What is needed ::
Reproduce the following entries exactly, leaving nothing out.

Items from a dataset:
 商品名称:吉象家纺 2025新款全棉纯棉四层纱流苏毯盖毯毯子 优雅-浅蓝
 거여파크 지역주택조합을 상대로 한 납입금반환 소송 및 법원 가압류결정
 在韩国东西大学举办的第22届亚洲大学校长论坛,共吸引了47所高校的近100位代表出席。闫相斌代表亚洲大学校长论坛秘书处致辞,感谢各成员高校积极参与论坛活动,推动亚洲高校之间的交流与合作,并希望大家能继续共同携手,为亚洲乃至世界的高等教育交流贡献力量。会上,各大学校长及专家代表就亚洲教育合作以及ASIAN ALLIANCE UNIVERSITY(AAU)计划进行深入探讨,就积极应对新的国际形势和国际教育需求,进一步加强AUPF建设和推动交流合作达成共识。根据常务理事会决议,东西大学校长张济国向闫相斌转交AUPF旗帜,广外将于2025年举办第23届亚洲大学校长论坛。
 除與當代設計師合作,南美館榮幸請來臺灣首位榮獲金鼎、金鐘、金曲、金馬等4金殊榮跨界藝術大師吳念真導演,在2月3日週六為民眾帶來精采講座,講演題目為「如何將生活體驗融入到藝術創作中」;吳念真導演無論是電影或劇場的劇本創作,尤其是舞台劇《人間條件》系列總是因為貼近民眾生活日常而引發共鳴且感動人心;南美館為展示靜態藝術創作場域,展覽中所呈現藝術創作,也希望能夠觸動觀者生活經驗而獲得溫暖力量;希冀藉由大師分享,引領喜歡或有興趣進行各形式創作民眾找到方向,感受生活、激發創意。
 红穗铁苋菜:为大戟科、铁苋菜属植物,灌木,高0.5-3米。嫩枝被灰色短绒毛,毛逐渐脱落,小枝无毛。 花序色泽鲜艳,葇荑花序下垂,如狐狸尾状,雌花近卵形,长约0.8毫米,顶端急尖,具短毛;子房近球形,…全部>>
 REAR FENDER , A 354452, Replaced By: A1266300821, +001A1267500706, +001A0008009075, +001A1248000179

Result below ::
 商品名称:吉象家纺 2025新款全棉纯棉四层纱流苏毯盖毯毯子 优雅-浅蓝
 거여파크 지역주택조합을 상대로 한 납입금반환 소송 및 법원 가압류결정
 在韩国东西大学举办的第22届亚洲大学校长论坛,共吸引了47所高校的近100位代表出席。闫相斌代表亚洲大学校长论坛秘书处致辞,感谢各成员高校积极参与论坛活动,推动亚洲高校之间的交流与合作,并希望大家能继续共同携手,为亚洲乃至世界的高等教育交流贡献力量。会上,各大学校长及专家代表就亚洲教育合作以及ASIAN ALLIANCE UNIVERSITY(AAU)计划进行深入探讨,就积极应对新的国际形势和国际教育需求,进一步加强AUPF建设和推动交流合作达成共识。根据常务理事会决议,东西大学校长张济国向闫相斌转交AUPF旗帜,广外将于2025年举办第23届亚洲大学校长论坛。
 除與當代設計師合作,南美館榮幸請來臺灣首位榮獲金鼎、金鐘、金曲、金馬等4金殊榮跨界藝術大師吳念真導演,在2月3日週六為民眾帶來精采講座,講演題目為「如何將生活體驗融入到藝術創作中」;吳念真導演無論是電影或劇場的劇本創作,尤其是舞台劇《人間條件》系列總是因為貼近民眾生活日常而引發共鳴且感動人心;南美館為展示靜態藝術創作場域,展覽中所呈現藝術創作,也希望能夠觸動觀者生活經驗而獲得溫暖力量;希冀藉由大師分享,引領喜歡或有興趣進行各形式創作民眾找到方向,感受生活、激發創意。
 红穗铁苋菜:为大戟科、铁苋菜属植物,灌木,高0.5-3米。嫩枝被灰色短绒毛,毛逐渐脱落,小枝无毛。 花序色泽鲜艳,葇荑花序下垂,如狐狸尾状,雌花近卵形,长约0.8毫米,顶端急尖,具短毛;子房近球形,…全部>>
 REAR FENDER , A 354452, Replaced By: A1266300821, +001A1267500706, +001A0008009075, +001A1248000179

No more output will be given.